Supplied material below:
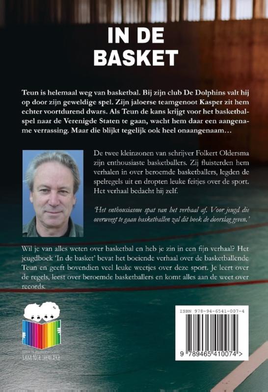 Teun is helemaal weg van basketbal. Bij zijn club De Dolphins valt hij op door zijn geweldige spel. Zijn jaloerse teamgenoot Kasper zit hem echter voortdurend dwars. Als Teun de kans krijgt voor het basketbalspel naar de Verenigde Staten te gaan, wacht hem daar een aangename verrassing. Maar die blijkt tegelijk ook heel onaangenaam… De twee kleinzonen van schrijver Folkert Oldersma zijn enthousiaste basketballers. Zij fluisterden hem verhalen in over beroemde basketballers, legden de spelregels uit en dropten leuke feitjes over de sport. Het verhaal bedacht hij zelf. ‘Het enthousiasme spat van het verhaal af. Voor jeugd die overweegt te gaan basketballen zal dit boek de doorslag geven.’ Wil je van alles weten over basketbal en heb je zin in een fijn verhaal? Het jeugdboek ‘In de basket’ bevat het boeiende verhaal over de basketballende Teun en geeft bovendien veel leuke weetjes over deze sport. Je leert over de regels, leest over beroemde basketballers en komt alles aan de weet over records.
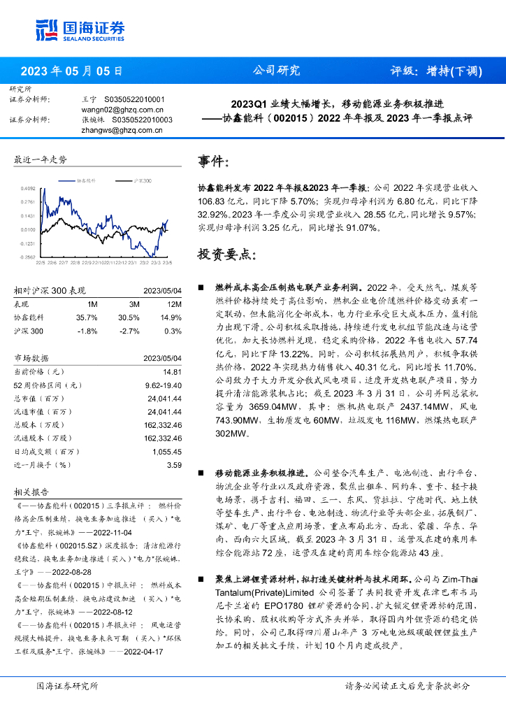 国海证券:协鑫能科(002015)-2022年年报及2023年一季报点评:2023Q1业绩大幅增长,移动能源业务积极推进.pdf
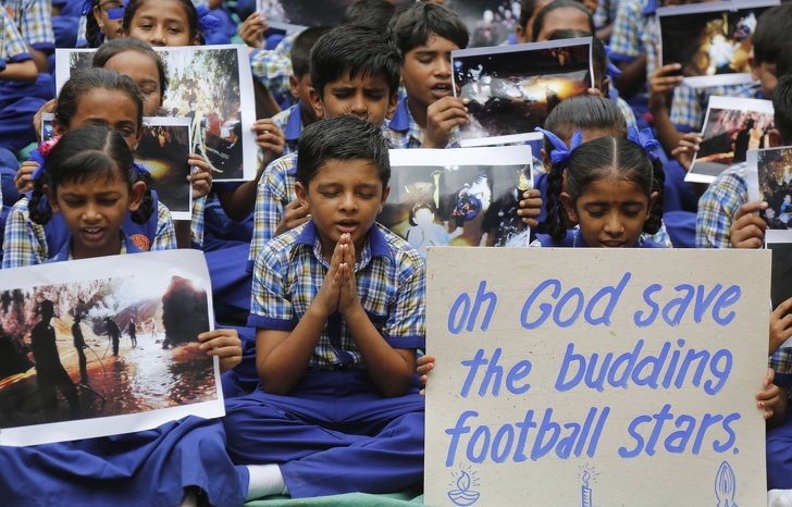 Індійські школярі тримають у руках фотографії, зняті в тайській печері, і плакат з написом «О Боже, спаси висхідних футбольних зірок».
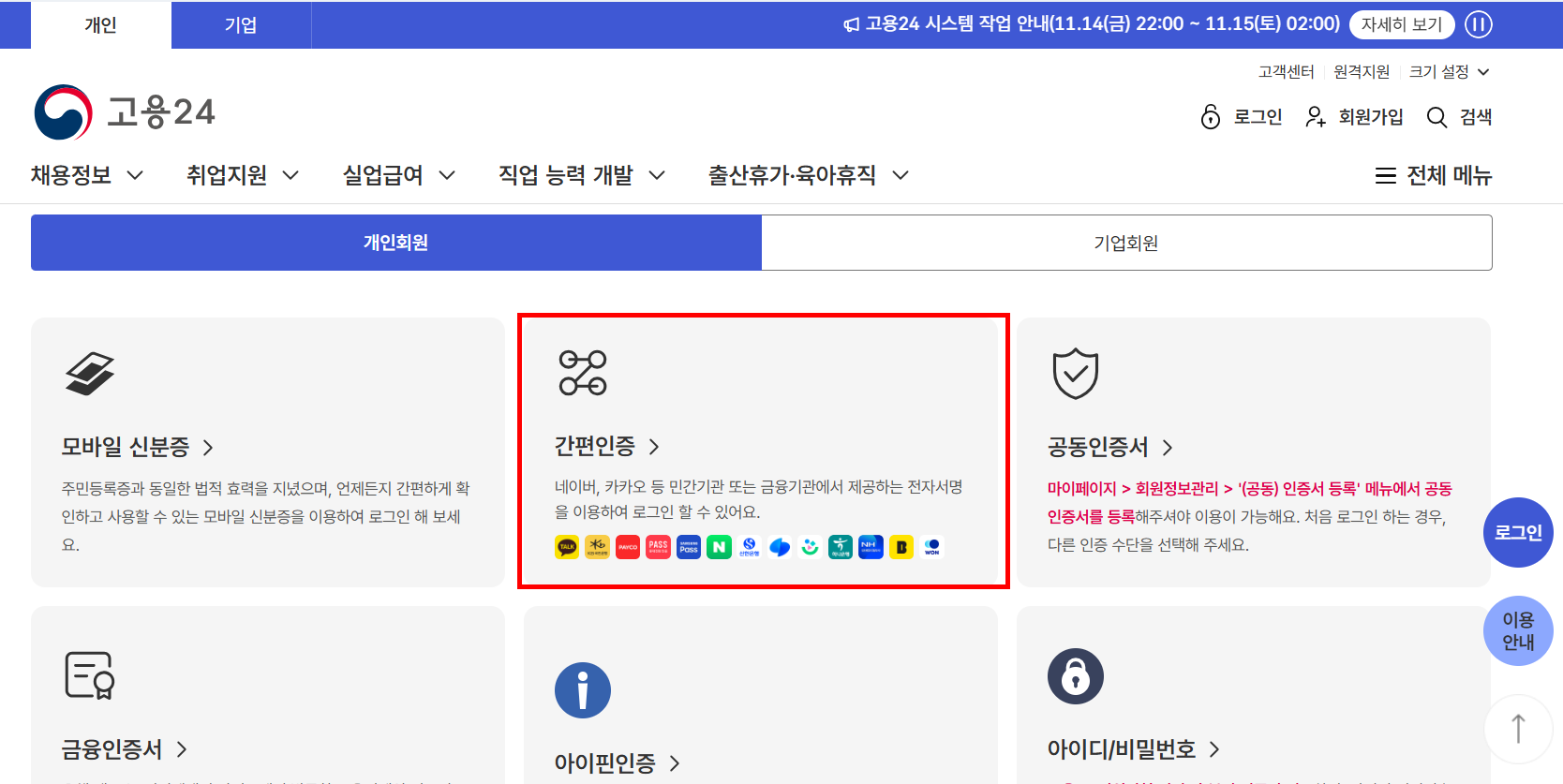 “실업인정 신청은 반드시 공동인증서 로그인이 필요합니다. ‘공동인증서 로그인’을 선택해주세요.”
End of Supplied material.
Supplied material below:
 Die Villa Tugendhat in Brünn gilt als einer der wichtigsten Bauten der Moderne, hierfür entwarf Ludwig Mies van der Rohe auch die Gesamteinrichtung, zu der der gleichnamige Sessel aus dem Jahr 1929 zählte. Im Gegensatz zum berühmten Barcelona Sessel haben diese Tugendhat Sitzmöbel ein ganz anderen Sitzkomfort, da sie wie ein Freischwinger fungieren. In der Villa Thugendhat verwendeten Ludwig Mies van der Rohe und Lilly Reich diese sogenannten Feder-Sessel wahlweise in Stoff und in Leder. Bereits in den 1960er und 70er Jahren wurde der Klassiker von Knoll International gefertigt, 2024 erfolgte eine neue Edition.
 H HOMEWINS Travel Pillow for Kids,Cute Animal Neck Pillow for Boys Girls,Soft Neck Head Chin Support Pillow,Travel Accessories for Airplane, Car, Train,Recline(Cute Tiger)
End of Supplied material.
Among the entries above, find the line with "Teun is helemaal" and repeat exactly from there through the line with "신청은 반드시 공동인증서", leaving out the pictures.

■ **Answer section**:
 Teun is helemaal weg van basketbal. Bij zijn club De Dolphins valt hij op door zijn geweldige spel. Zijn jaloerse teamgenoot Kasper zit hem echter voortdurend dwars. Als Teun de kans krijgt voor het basketbalspel naar de Verenigde Staten te gaan, wacht hem daar een aangename verrassing. Maar die blijkt tegelijk ook heel onaangenaam… De twee kleinzonen van schrijver Folkert Oldersma zijn enthousiaste basketballers. Zij fluisterden hem verhalen in over beroemde basketballers, legden de spelregels uit en dropten leuke feitjes over de sport. Het verhaal bedacht hij zelf. ‘Het enthousiasme spat van het verhaal af. Voor jeugd die overweegt te gaan basketballen zal dit boek de doorslag geven.’ Wil je van alles weten over basketbal en heb je zin in een fijn verhaal? Het jeugdboek ‘In de basket’ bevat het boeiende verhaal over de basketballende Teun en geeft bovendien veel leuke weetjes over deze sport. Je leert over de regels, leest over beroemde basketballers en komt alles aan de weet over records.
 国海证券:协鑫能科(002015)-2022年年报及2023年一季报点评:2023Q1业绩大幅增长,移动能源业务积极推进.pdf
 Індійські школярі тримають у руках фотографії, зняті в тайській печері, і плакат з написом «О Боже, спаси висхідних футбольних зірок».
 “실업인정 신청은 반드시 공동인증서 로그인이 필요합니다. ‘공동인증서 로그인’을 선택해주세요.”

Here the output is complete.